About the project

Repository:

Research paper:

https://aclanthology.org/2024.acl-long.534/

HF datasets:

https://huggingface.co/datasets/MERA-evaluation/MERA

Technical support:

Modern large language models (like ChatGPT, Llama, YandexGPT, and GigaChat) are developing rapidly and require objective comparison and independent evaluation.

We observe from international experience that model evaluation is conducted on different benchmarks and in various experimental setups and scenarios, leading to a lack of understanding of what models can genuinely accomplish and making it impossible to compare the models' abilities. Openness and transparency in the evaluation process are the key issues because any model will be assessed by the developer according to their methodology claiming the superiority of their models.

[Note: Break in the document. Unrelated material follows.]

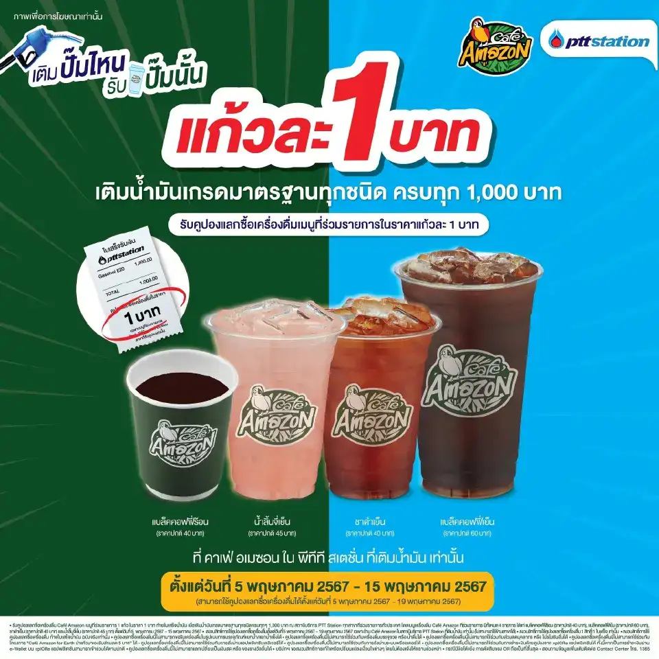 1. รับคูปองแลกซื้อเครื่องดื่ม Café Amazon เมนูที่ร่วมรายการ 1 แก้ว* ในราคา 1 บาท ท้ายใบเสร็จน้ำมัน เมื่อเติมน้ำมันเกรดมาตรฐานทุกชนิดครบทุกๆ 1,000 บาท ณ สถานีบริการ PTT Station ทุกสาขาที่ร่วมรายการทั่วประเทศ

We have developed an open instructional benchmark for evaluating large language models for the Russian language. The benchmark website provides a ranking of models based on their performance in solving a fixed set of tasks compiled by experts with standardized configurations of prompts and parameters.

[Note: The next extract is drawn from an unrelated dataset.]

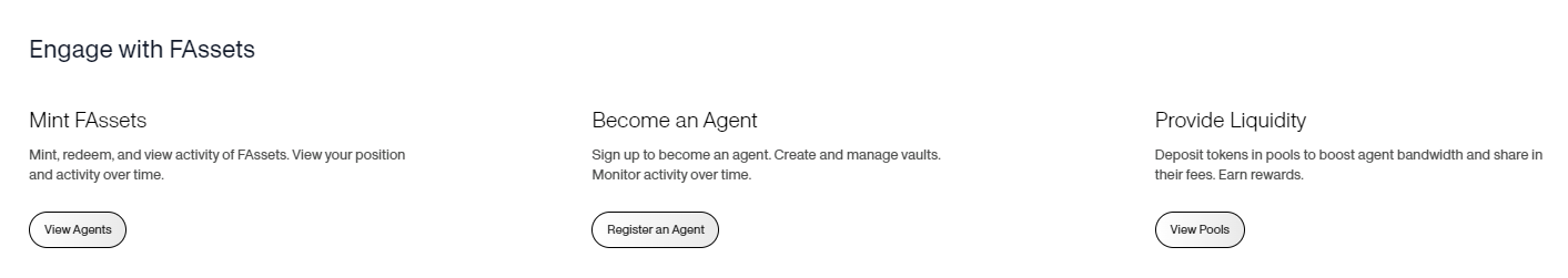 For users who are comfortable with CLI operations, consider becoming an agent. Agents play a pivotal role in providing liquidity and supporting minting operations. In exchange for participation, agents will earn fees from FAsset mints when FAssets are finally live on mainnet.

We propose a new methodology to evaluate SOTA language models

23 challenging tasks for large language models: the questions cover world knowledge, logic, cause-and-effect relationships, AI ethics, and much more.

There are two groups of tasks:

— Main tasks with a closed test dataset that make up the model ranking (RWSD, PARus, RCB, MultiQ, ruWorldTree, ruOpenBookQA, CheGeKa, ruTiE, USE, MathLogicQA, ruMultiAr, LCS, ruModAr, MaMuRaMu, ruCodeEval)

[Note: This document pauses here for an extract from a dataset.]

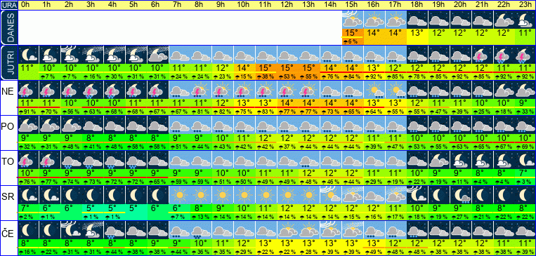 | Ura | 00h | 01h | 02h | 03h | 04h | 05h | 06h | 07h | 08h | 09h | 10h | 11h | 12h | 13h | 14h | 15h | 16h | 17h | 18h | 19h | 20h | 21h | 22h | 23h | |  |  |  |  |  |  |  |  |  |  |  |  |  |  |  |  |  |  |  |  |  |  |  |  | | Temperatura [C°] | 11°C | 11°C | 10°C | 10°C | 10°C | 10°C | 10°C | 11°C | 12°C | 12°C | 14°C | 14°C | 15°C | 15°C | 14°C | 14°C | 13°C | 12°C | 12°C | 12°C | 12°C | 12°C | 11°C | 11°C | | Občutek [C°] | 9°C | 9°C | 8°C | 8°C | 8°C | 8°C | 8°C | 8°C | 9°C | 10°C | 11°C | 12°C | 12°C | 12°C | 11°C | 10°C | 9°C | 9°C | 9°C | 9°C | 8°C | 8°C | 8°C | 8°C | | Možnost padavin | | 7 % | 7 % | 16 % | 30 % | 31 % | 31 % | 24 % | 24 % | 23 % | 15 % | 38 % | 53 % | 55 % | 76 % | 84 % | 91 % | 85 % | 78 % | 85 % | 92 % | 85 % | 92 % | 92 % | | Količina padavin [mm] | | | | | | | | | | | | | | | 1 mm | 1 mm | 1 mm | 1 mm | 1 mm | 1 mm | 1 mm | 1 mm | 3 mm | 3 mm | Sneg [cm] | | | | | | | | | | | | | | | | | | | | | | | | | | UV index | | | | | | | | | | | UV 1 | UV 1 | UV 1 | | | | | | | | | | | | | Hitrost vetra | 7 km/h | 8 km/h | 9 km/h | 9 km/h | 10 km/h | 11 km/h | 12 km/h | 12 km/h | 12 km/h | 11 km/h | 11 km/h | 11 km/h | 12 km/h | 13 km/h | 14 km/h | 16 km/h | 17 km/h | 17 km/h | 15 km/h | 14 km/h | 15 km/h | 17 km/h | 17 km/h | 17 km/h | Smer vetra | V | V | V | V | V | V | V | V | V | V | V | J | J | J | V | V | V | V | V | V | V | V | V | V | | Zračni tlak | 999 | 1000 | 1000 | 1001 | 1001 | 1001 | 1001 | 1001 | 1001 | 1001 | 1002 | 1001 | 1001 | 1000 | 1000 | 1000 | 1000 | 999 | 999 | 998 | 998 | 997 | 997 | 997 | | Vlaga | 82 % | 85 % | 89 % | 91 % | 91 % | 90 % | 89 % | 88 % | 85 % | 80 % | 75 % | 71 % | 68 % | 67 % | 70 % | 73 % | 76 % | 78 % | 80 % | 80 % | 81 % | 81 % | 81 % | 82 % |

— Public tasks with open answers where you can directly evaluate the model using the codebase and immediately get results (ruMMLU, ruHumanEval, BPS, SimpleAr, ruHHH, ruDetox, ruEthics, ruHateSpeech)

How are task prompts designed?

For each task, experts have manually created several diverse universal model-agnostic instruction prompts with clearly defined requirements for the answer output format. These prompts are uniformly distributed among all questions in the task so that each question is assigned exactly one prompt.

This format allows to obtaining an average score based on different prompts and all models are evaluated in equal conditions: prompts do not "favor" specific models. For these reasons, instructions as well as generation parameters and few-shot examples cannot be changed within model evaluation.

How is measurement done?

The benchmark's scoring system is based on the international LM Evaluation Harness framework, which provides generative and log-likelihood setup for model evaluation.

Generative evaluation	Log-likelihood evaluation
Does not require access to logits, suitable for any model capable of generating text.	Is not suitable for API models since they typically do not return logits used in log-likelihood evaluation.
Requires answer post-processing (no universal heuristics, human SBS and LLM-as-a-Judge / special parsers).	Does not require model response post-processing because the answer is a fixed letter or number.
Smaller models tend to generate irrelevant responses.	Allows to measure the probability of specific responses from a language model.
We recommend to evaluate instructive models (SFT-like) and APIs only in generative setup.	Better suited for evaluation of pretrained models and smaller models.

💡 Instruction prompts for tasks in MERA are fixed in the benchmark, yet it is recommended to model-specific system prompt for the model (the same for all tasks).

We recommend specifying the system prompt to obtain more accurate results from both API and instructive models.